When I moved from 6 to 7 (and 8 now) I had to retrain hands for longer sweeps because of position shifting, at first it was frustrating because my hands were TRAINED that if I was playing X arp that THIS was the way it was done. It took some time to re-learn it, but now I have three shapes down, each unique to the # of strings.

Derek


----------



## Blind Theory (Dec 28, 2011)

Just fucking go for it, man. That is what I am doing to improve my solo and lead skills. I know only very basic theory, if I take my time I can sight read sheet music and I write mostly by ear (with help of what little theory I know). So it isn't exactly rocket science unless you make it. For example, my soloing sucks ass and I know it does. I've been writing a bunch of short little solos (20-30 seconds) and recording them to show people and see my progress. So far I've come to realize a few things:
1) I can't pick linear licks very fast for shit
2) I am way better at legato than the above mentioned problem
3) I am better at tapping across the strings than the first as well
4) I am better at sweeping than I am at number 1

Moral of my list? Fuck around and make shit, even if it sounds like ass, to find out what your strengths are and then bust your ass to work on those and make then that much better. I figure being better at the things I'm better at means I don't need to improve on my number one anyway so I can dedicate more time to further my strengths. I hope this helps in some way. If you want help on rhythm playing for death metal in the vein of As Blood Runs Black/Black Dahlia Murder/Whitechapel/new All Shall Perish then just reply and I'll try and explain how I work on that as I am WAY better at difficult rhythm than I am leads.


----------



## Solodini (Dec 29, 2011)

I agree, largely. While it's good to develop your core abilities to be well rounded, if everyone focussed on making sure that all their abilities were as good as everyone else's then we would all be exactly the same. Variety is the spice of life, and all that.


----------



## guitarist10 (Dec 29, 2011)

I understand where you're coming from. I try and practice my strengths daily, but I'd also like to be able to pick fast, also. Rhythms or lead, I want to do it so badly.

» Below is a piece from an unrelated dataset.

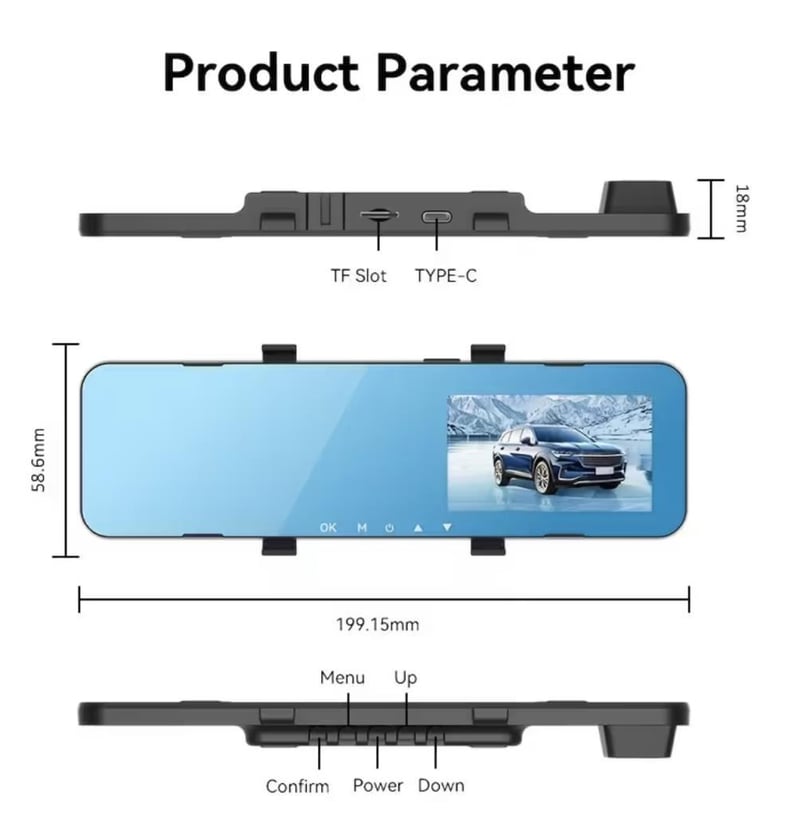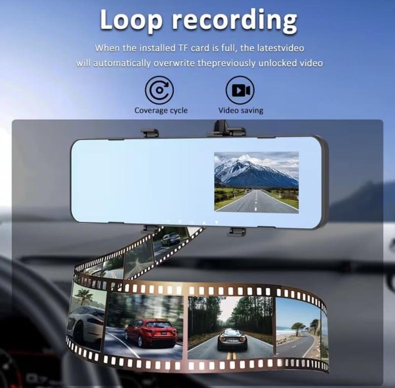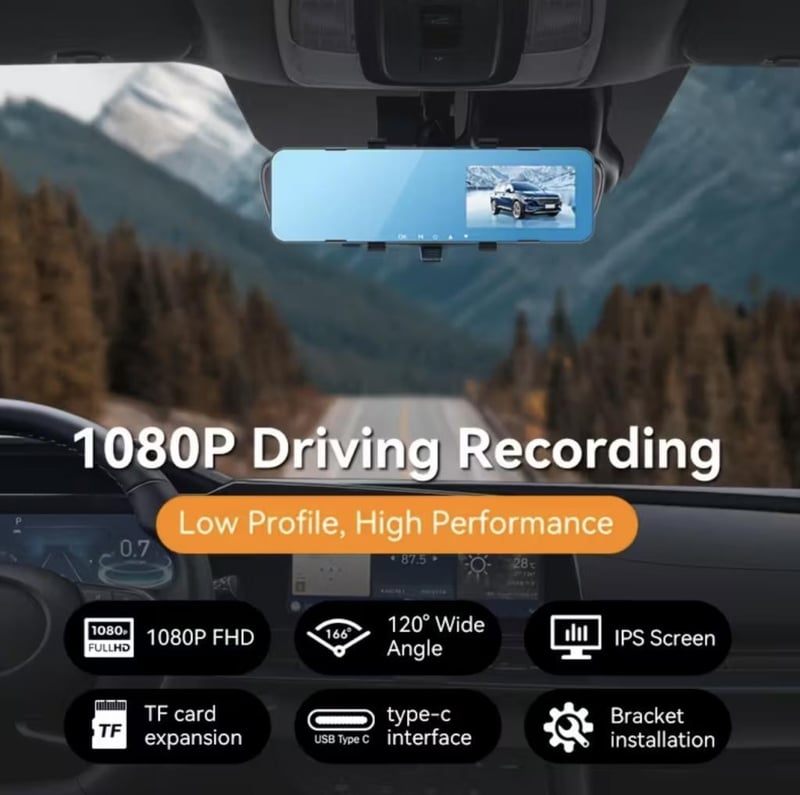 Smart Mirror Dash Cam 1080P HD Front Camera, 24/7 Parking Monitor, Loop Recording, Night Vision, G-Sensor, Easy Install Car Accessories for Vehicle Safety & Motion Detection, No Memory Card Included

I am deeply into all types of metal and anything that has screaming and/or technical guitar parts, really. Naturally, I want to play like music like my favorite bands: Children of Bodom, The Absence, Born of Osiris, etc. The thing is, to play like these guys, I'll need some serious picking technique. Now that I've reached this plateau, I've got to find some way to get past it and working on my legato isn't really doing to help my picking all that much. Don't get me wrong, I know where you're going with your statement, I just want to be able to do amazing lines like Rusty Cooley incorporated into some melodic death metal or something like that.

You see my point?


----------



## Konfyouzd (Dec 29, 2011)

Some things that help me:

-Take a break from playing for a few days.
-Slow down rather than trying to speed up. Pay very close attention to your technique and where you might be able to eliminate excess motion.
-Try coming up with different etudes. Sometimes after playing the same ones for a while you develop a block about playing them faster.
-Try playing a different instrument for a little while. Sometimes getting your head in a different space can help out your guitar playing counterintuitive as it may seem.


----------



## Solodini (Dec 29, 2011)

Try playing stuff which requires difficult picking patterns which isn't the straight speed picking, that way you can keep your picking work progressing but in a different way. Try taking a solo acoustic guitar piece and play it with a pick. You'll not be able to play it at the speed you can shred, at least not at first, but when you get something with different mechanical challenges up to tempo and beyond then you'll be a stronger picker generally and linear picking patterns will probably be much easier.


----------



## Konfyouzd (Dec 29, 2011)

Such solid advice Solodini.


----------



## Solodini (Dec 29, 2011)

Thank you, sir.  Your post jogged my mind into making those suggestions. It's basically the same sort of advice as you gave about finding excess motions. When trying to make bigger movements up to speed, you really need to cut out those excess motions so suddenly when you're back to a much smaller trajectory for your picking hand, the motions are so much easier.


----------



## Blind Theory (Dec 29, 2011)

Rusty Cooley actually utilizes legato a LOT for his linear licks like we're talking about. As far as rhythm goes, it is more in the picking hand than anything. Because I was never very good at leads and soloing I as able to focus on my rhythm for pretty much four years straight. You just have to go and look at all the great rhythm players and learn all that shit then see what works best for you. For instance, I used to be able to down pick like a beast but I found it was so much easier for me to palm mute a little higher up and alternate pick and that little discovery made my rhythm playing improve so much because I found my strength or preference and I went with it. I'm now to the point where I write stuff that I consider my rhythm but many of the people I play with consider leads just because it is almost as complex and difficult to execute. I'm not bragging about it, I am just telling you that if you study what others do, learn what others do to build up general technique and pick out what techniques you excel at, you will have a much easier and more enjoyable time becoming the rhythm player you want to be.


----------



## guitarist10 (Dec 30, 2011)

So, if I go and do something that requires bigger motions such as a lot of arpeggios and string skips, I will actually get better at linear picking due to the focus on making my motions smaller?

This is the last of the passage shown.